While I waited for the cement on the gray water tank to dry, I took care of some small stuff. First I replaced the weather stripping around the rear wall window cover because the original stuff I bought just wasn’t thick enough to keep the cover pressed in tight so light was coming through, which I didn’t want. Then I screwed in some eye hooks on the sides of the fridge and microwave spaces so that when I drive, I can strap them in place to keep them from sliding out and making a mess. I had a couple bungee straps already laying around and they were just the right size.

I ended the day by cutting the foam for the beds. The foam is fairly firm (almost a little too firm) and is 6″ thick.
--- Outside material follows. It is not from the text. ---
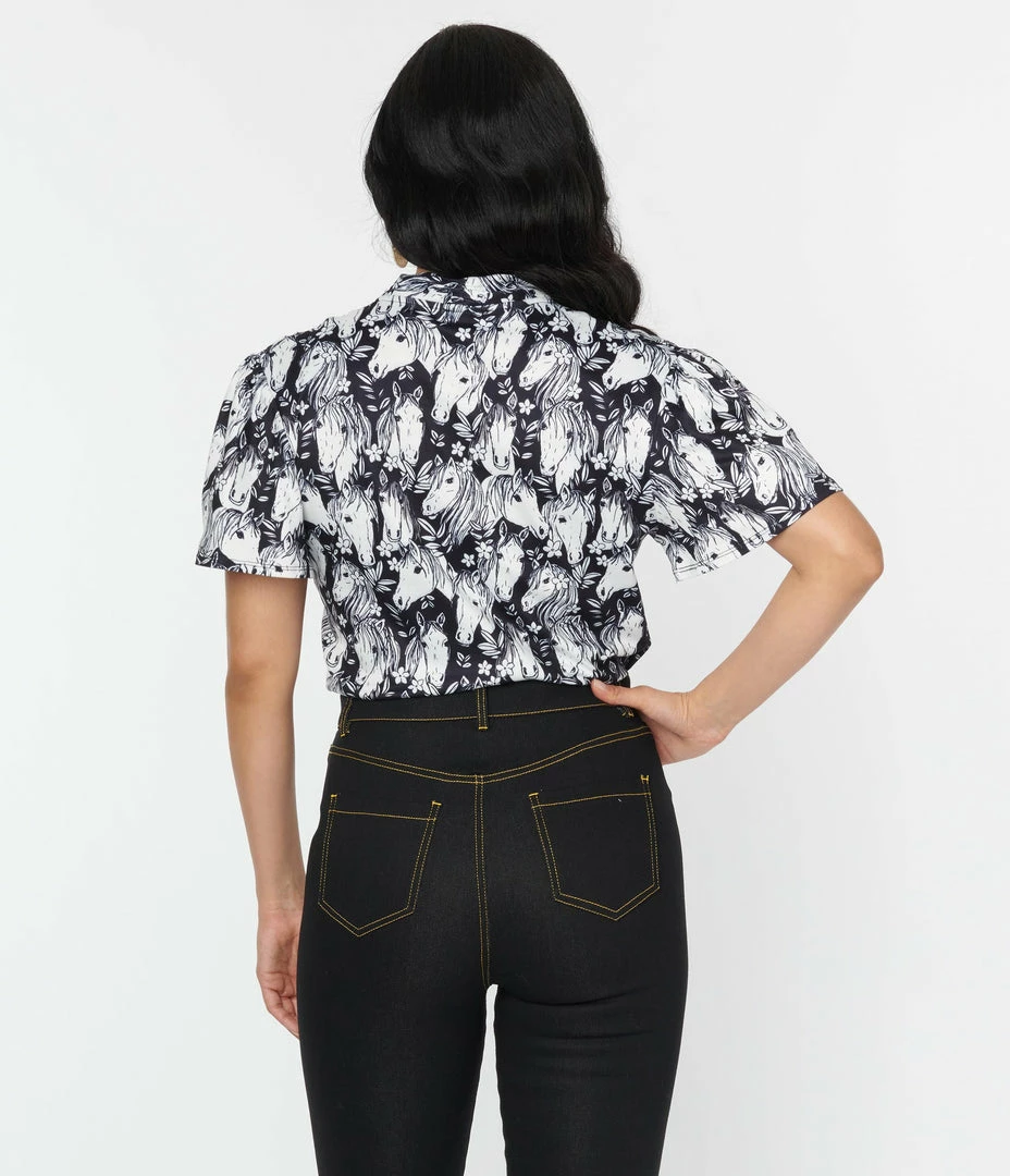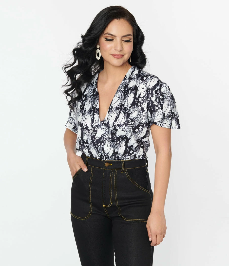 A sultry bodysuit crafted in black knit with a herd of white wild horses printed throughout. Outfitted with short flutter sleeves and a plunging V-neckline. Complete with a snap button closure.

Let me tell you, it took awhile to cut through it. It’s way too thick to cut with scissors so I used a utility knife and had to make several passes to slowly work my way through it. Each bed by itself is 23″ wide, which is a little narrower than the average cot size, but I can fit on one comfortably enough and I’m 6’2″ and about 210 lbs. The “couch” bed is 79″ long and the extra bed is only 73″ long, due to the kitchen cabinet. When the beds are joined together, they form a Queen size bed, at 59″ wide. I assure you that when I’m traveling solo, I will be using the beds in the Queen size form. The couch is also very comfortable to sit on and the extra bed makes for a great foot rest to kick up and relax.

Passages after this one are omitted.